▶
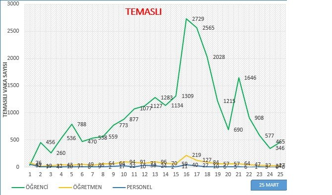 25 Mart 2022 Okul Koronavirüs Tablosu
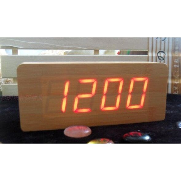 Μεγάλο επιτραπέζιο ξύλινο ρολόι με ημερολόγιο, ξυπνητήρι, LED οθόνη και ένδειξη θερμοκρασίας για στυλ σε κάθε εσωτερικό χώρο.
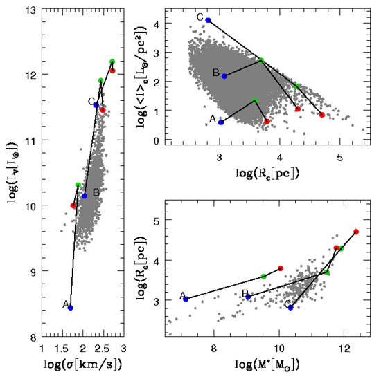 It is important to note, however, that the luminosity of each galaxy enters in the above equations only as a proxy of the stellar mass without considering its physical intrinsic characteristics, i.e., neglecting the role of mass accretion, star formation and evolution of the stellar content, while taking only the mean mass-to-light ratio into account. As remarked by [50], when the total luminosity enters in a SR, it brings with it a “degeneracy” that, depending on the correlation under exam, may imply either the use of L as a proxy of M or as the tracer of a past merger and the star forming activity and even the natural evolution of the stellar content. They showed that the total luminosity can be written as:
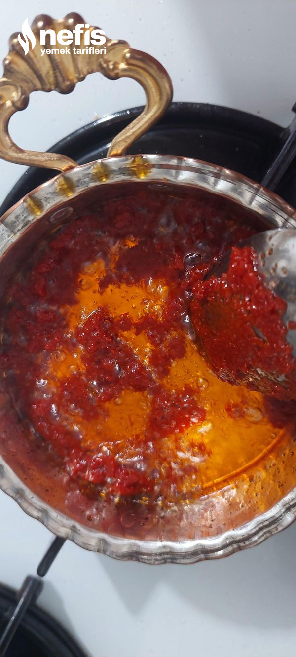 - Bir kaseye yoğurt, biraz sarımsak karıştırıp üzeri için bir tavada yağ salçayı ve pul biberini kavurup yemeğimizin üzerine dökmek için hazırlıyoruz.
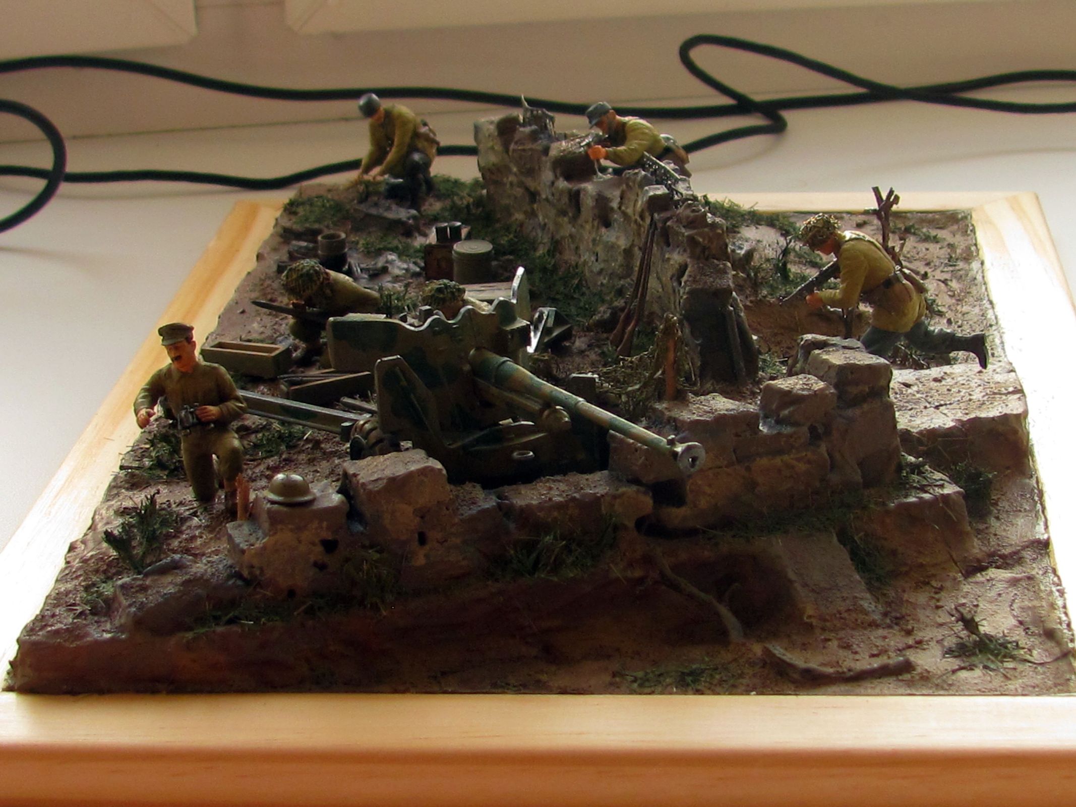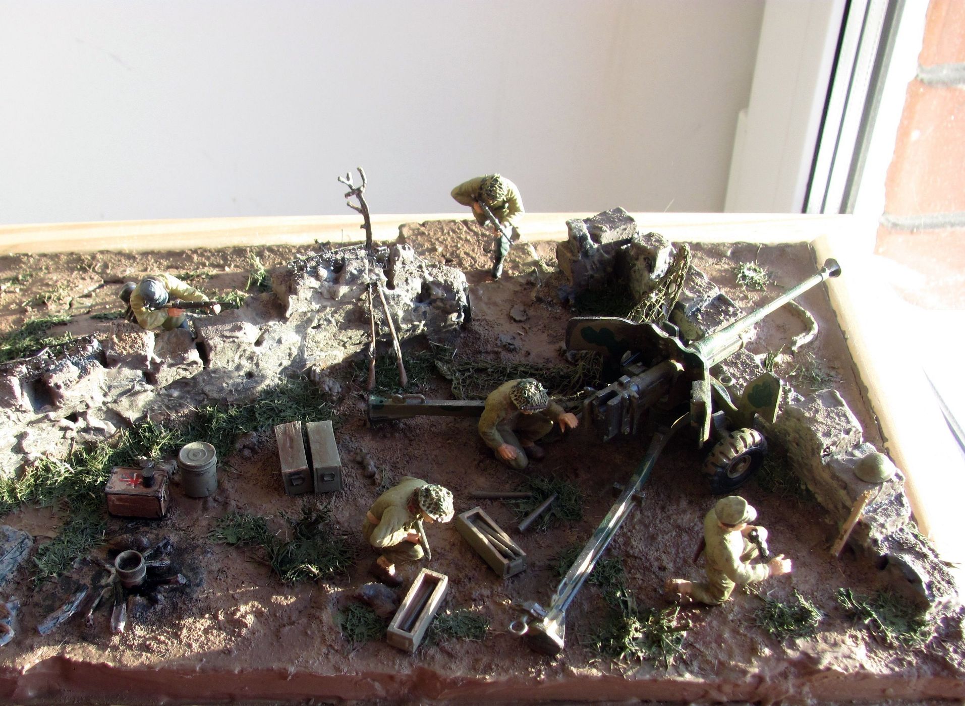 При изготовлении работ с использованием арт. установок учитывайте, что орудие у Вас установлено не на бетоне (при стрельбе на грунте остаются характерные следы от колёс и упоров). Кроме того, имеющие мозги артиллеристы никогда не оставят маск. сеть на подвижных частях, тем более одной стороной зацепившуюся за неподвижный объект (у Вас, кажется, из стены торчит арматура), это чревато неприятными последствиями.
◀
Pictures are to be omitted. Print exactly the lines from the line containing "- Bir kaseye" through the final line of the material above, both included.

Final answer:
 - Bir kaseye yoğurt, biraz sarımsak karıştırıp üzeri için bir tavada yağ salçayı ve pul biberini kavurup yemeğimizin üzerine dökmek için hazırlıyoruz.
 При изготовлении работ с использованием арт. установок учитывайте, что орудие у Вас установлено не на бетоне (при стрельбе на грунте остаются характерные следы от колёс и упоров). Кроме того, имеющие мозги артиллеристы никогда не оставят маск. сеть на подвижных частях, тем более одной стороной зацепившуюся за неподвижный объект (у Вас, кажется, из стены торчит арматура), это чревато неприятными последствиями.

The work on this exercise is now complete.